Les habitants, les chevaliers et les seigneurs languedociens défendent Toulouse. La ville résiste de longs mois. L’hiver est relativement calme, les sorties des Toulousains et de leurs alliés et les assauts des croisés ne reprennent qu’au printemps, Simon de Montfort recevant alors quelques renforts. Plusieurs épisodes sanglants se succèdent. Les croisés construisent une tour en bois pour tenter de prendre les remparts. Les Toulousains effectuent une sortie hors de la ville pour la détruire. Dans la mêlée, le cheval de Gui de Montfort est tué par un archer posté sur les remparts. Le frère du comte reçoit une flèche aux côtes au moment où son cheval s’effondre. Simon de Montfort se précipite vers son frère.

Simon de Montfort
Mort de Simon de Montfort lors du siège de Toulouse, le 25 juin 1218.
©Public Domaine

Pendant que la bataille fait rage sous les remparts, une pierrière est « tirée au rempart », manœuvrée par « des dames, des filles, des épouses ». « La pierre vint tout droit là où il le fallait / elle frappa le comte sur son heaume d’acier / si fort que les yeux et la cervelle et les dents / le front et les mâchoires éclatèrent en pièces ; / le comte chut en terre, mort, sanglant et livide. » (Chanson de la croisade contre les albigeois, Laisse 205).

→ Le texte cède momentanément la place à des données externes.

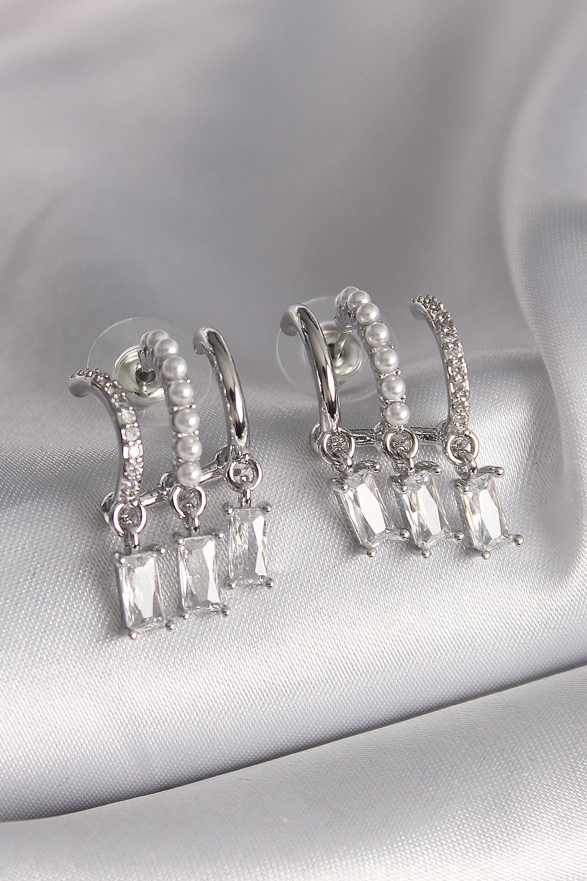 Pirinç Gümüş Renk İnci Detay Sallantı Zirkon Taşlı Kadın Küpe

La mort de Simon de Montfort, dont Toulouse commémorait ce lundi le 800e anniversaire, marque le déclin de la croisade des Barons et le début de la conquête languedocienne. Mais en 1224, Amaury de Montfort, fils de Simon, renonce  au Languedoc et cède ses droits à la Couronne. Le Languedoc doit alors fait face à une autre croisade, menée par le roi de France, qui se solde en 1229 par le traité de Meaux. Ce traité confirme le comte de Toulouse dans ses droits. Mais il se voit obligé d’accorder la main de sa fille, sa seule héritière, au frère du roi de France. À la mort de ce dernier sans fils, le comté de Toulouse entrera dans le domaine royal.

Néanmoins la résistance languedocienne perdure jusqu’en 1244, avec la défaite de la coalition contre le roi de France en 1243 et la siège de Montségur en 1244 qui signe la fin d’une réelle organisation des Cathares en Languedoc.

Loïs Aivrac,
Titulaire d’une maîtrise en Histoire médiévale à la Sorbonne.